Directions »
Restate the records that follow word for word. Omit the images.

(Dataset excerpts)
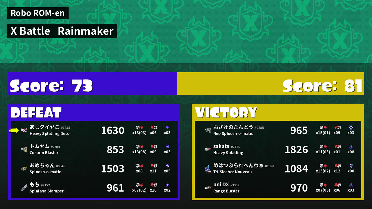 | Mode | Rainmaker - X Battle | ||
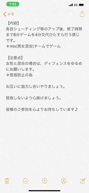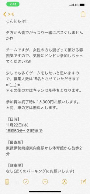 練習予定でしたが人数が若干足りないので、 練習に来て下さる方を募集します。 人数が揃うまで各自アップをして、 あとはずっとゲー ムを続けます。 時間が短い為、募集は4名程度とさせて頂きます。 (自チームのメンバーは10人くらいです。) ※状況により募集人数に達する前に締め切る事もありますのでご了承ください。 【注意事項】 チーム分けに使いますので濃淡の着替えをお持ちください。 ボールの貸し出しはありませんのでご持参下さい。 自転車・バイク等は入り口横の駐輪場をご利用下さい 。 車で来る方はお近くの
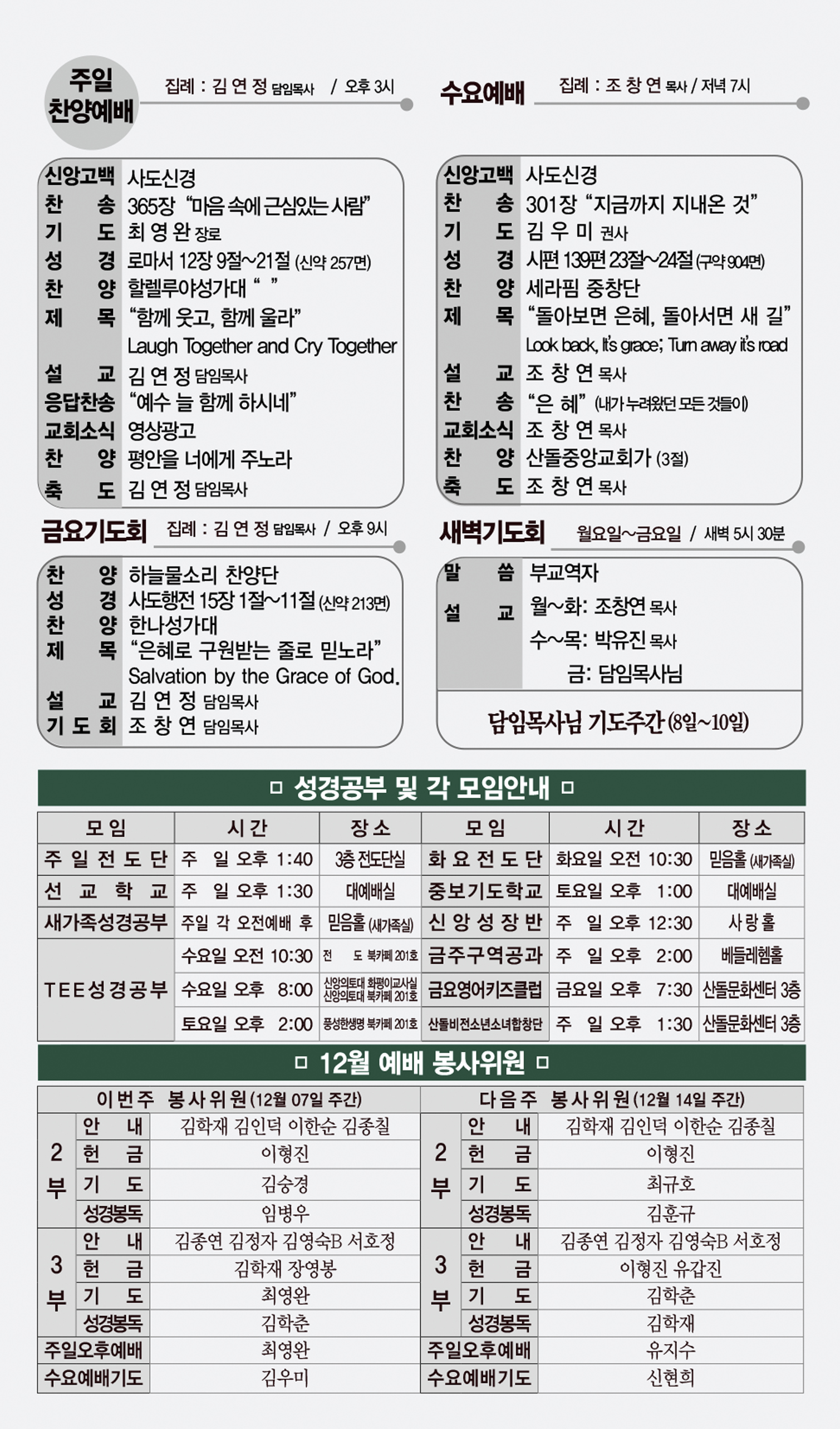 | 이전글 | 12월 14일 교회주보 | 운영자 | 2025.12.13 | 0 | 36 |
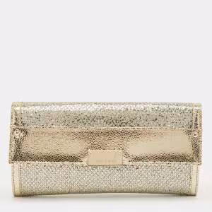 Jimmy Choo Chandra Gold Shimmer Perforated Leather Clutch
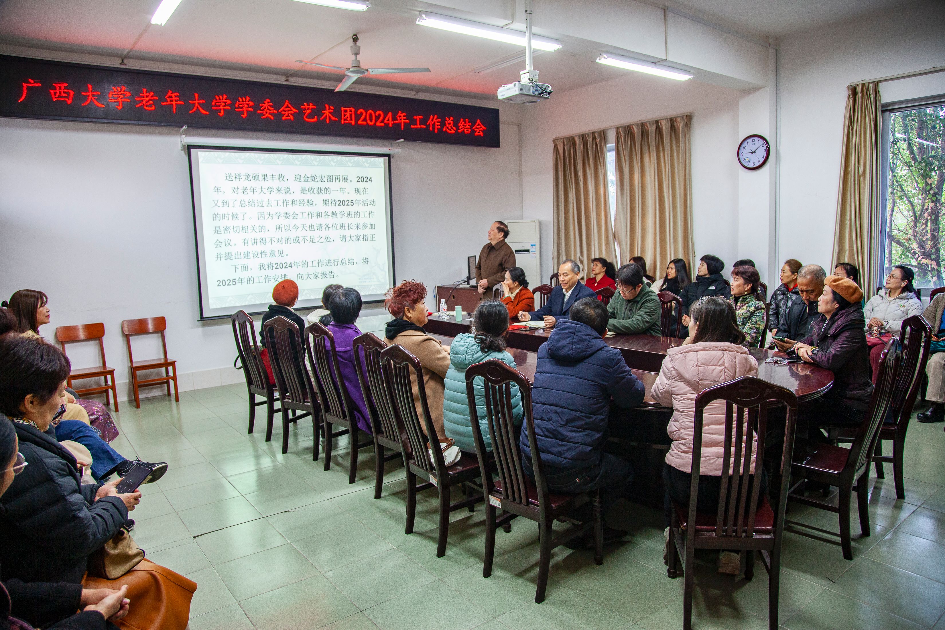 春华秋实,岁序更新。2025年1月9日,我校老年大学在西校园离退休教职工活动中心三楼会议室召开了学委会艺术团2024年工作总结会,校离退休工作处副处长张浩、老年大学常务副校长黄四弟、副校长董毅宏及学员自主管理委员会全体委员、各艺术分团正副团长及各专业班级班长参加了此次会议。
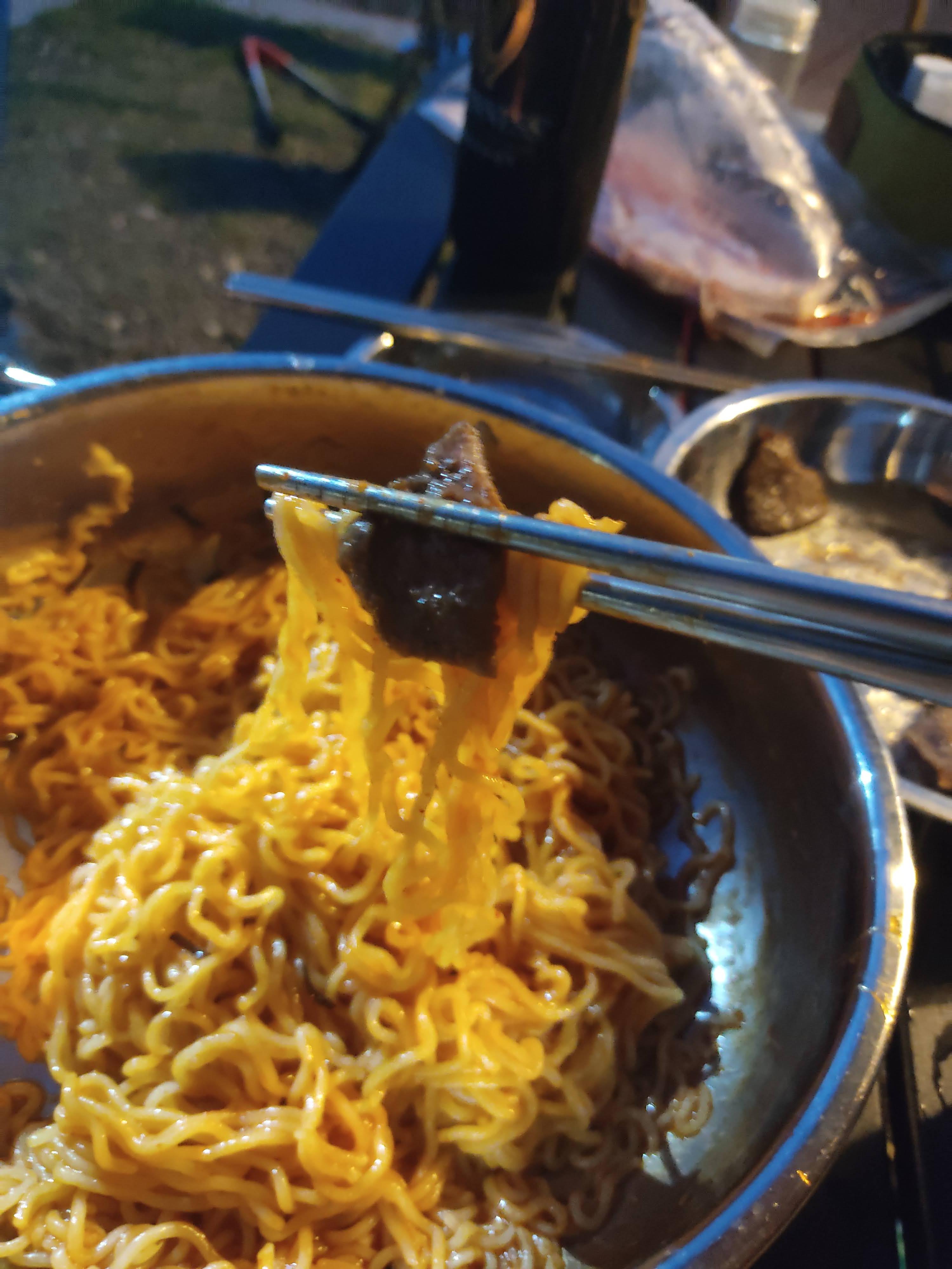 옆에선 무언가 끓이는데 그렇죠!! 소고기는 비빔면과 함께!!
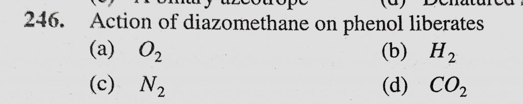 Action of diazomethane on phenol liberates (a) O2 (b) H2 (c) N2 (d) CO2 Action of diazomethane on phenol liberates (a) O2 (b) H2 (c) N2 (d) CO2 February 11, 2021 Category: Uncategorised (JEE Advanced Physics by BM Sharma + GMP Solutions) , Facebook Messenger WhatsApp Share this:TwitterFacebook Related
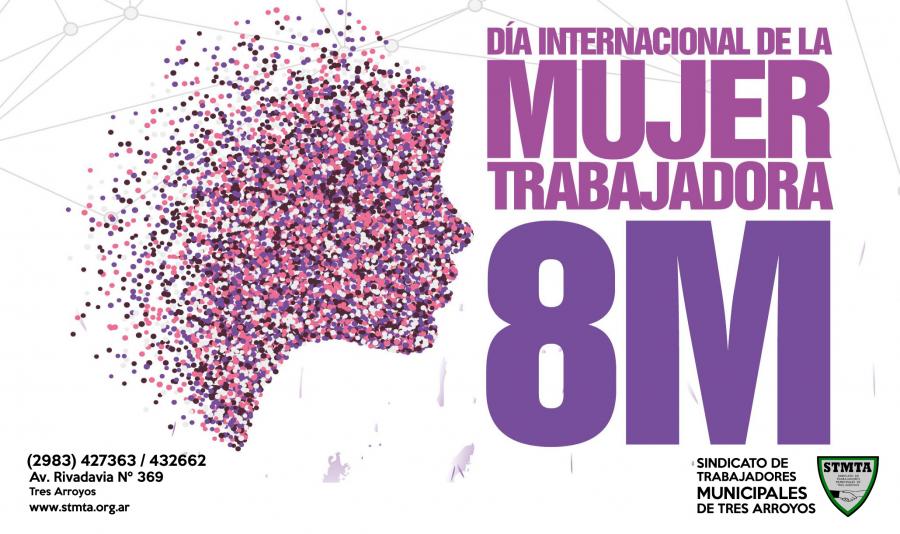 Desde el Sindicato de Trabajadores Municipales saludamos a las mujeres en su día y en especial a las compañeras municipales trabajadoras. Destacamos una vez más y acompañamos la incansable lucha que las mujeres llevan a cabo para lograr igualdad de oportunidades, acceso al goce de derechos, inclusión en políticas públicas y librarse de la discriminación de género, pero fundamentalmente de la violencia machista que a pesar del camino recorrido, es un flagelo que no se detiene.
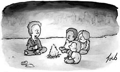 Citing the man in the cave telling the goodnight fairy tale to new-savages era post financial communism
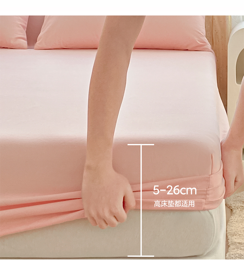 涵宸家纺 2026新款全棉纯色单床笠-米兰 床笠-烟粉
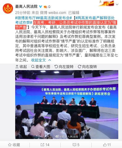 据最高法有关负责人介绍,普通高等学校招生考试、研究生招生考试、公务员录用考试社会关注度高、影响大、涉及面广。在这三类考试中组织作弊的直接规定为“情节严重”;

Answer to this task »
 | Mode | Rainmaker - X Battle | ||
 練習予定でしたが人数が若干足りないので、 練習に来て下さる方を募集します。 人数が揃うまで各自アップをして、 あとはずっとゲー ムを続けます。 時間が短い為、募集は4名程度とさせて頂きます。 (自チームのメンバーは10人くらいです。) ※状況により募集人数に達する前に締め切る事もありますのでご了承ください。 【注意事項】 チーム分けに使いますので濃淡の着替えをお持ちください。 ボールの貸し出しはありませんのでご持参下さい。 自転車・バイク等は入り口横の駐輪場をご利用下さい 。 車で来る方はお近くの
 | 이전글 | 12월 14일 교회주보 | 운영자 | 2025.12.13 | 0 | 36 |
 Jimmy Choo Chandra Gold Shimmer Perforated Leather Clutch
 春华秋实,岁序更新。2025年1月9日,我校老年大学在西校园离退休教职工活动中心三楼会议室召开了学委会艺术团2024年工作总结会,校离退休工作处副处长张浩、老年大学常务副校长黄四弟、副校长董毅宏及学员自主管理委员会全体委员、各艺术分团正副团长及各专业班级班长参加了此次会议。
 옆에선 무언가 끓이는데 그렇죠!! 소고기는 비빔면과 함께!!
 Action of diazomethane on phenol liberates (a) O2 (b) H2 (c) N2 (d) CO2 Action of diazomethane on phenol liberates (a) O2 (b) H2 (c) N2 (d) CO2 February 11, 2021 Category: Uncategorised (JEE Advanced Physics by BM Sharma + GMP Solutions) , Facebook Messenger WhatsApp Share this:TwitterFacebook Related
 Desde el Sindicato de Trabajadores Municipales saludamos a las mujeres en su día y en especial a las compañeras municipales trabajadoras. Destacamos una vez más y acompañamos la incansable lucha que las mujeres llevan a cabo para lograr igualdad de oportunidades, acceso al goce de derechos, inclusión en políticas públicas y librarse de la discriminación de género, pero fundamentalmente de la violencia machista que a pesar del camino recorrido, es un flagelo que no se detiene.
 Citing the man in the cave telling the goodnight fairy tale to new-savages era post financial communism
 涵宸家纺 2026新款全棉纯色单床笠-米兰 床笠-烟粉
 据最高法有关负责人介绍,普通高等学校招生考试、研究生招生考试、公务员录用考试社会关注度高、影响大、涉及面广。在这三类考试中组织作弊的直接规定为“情节严重”;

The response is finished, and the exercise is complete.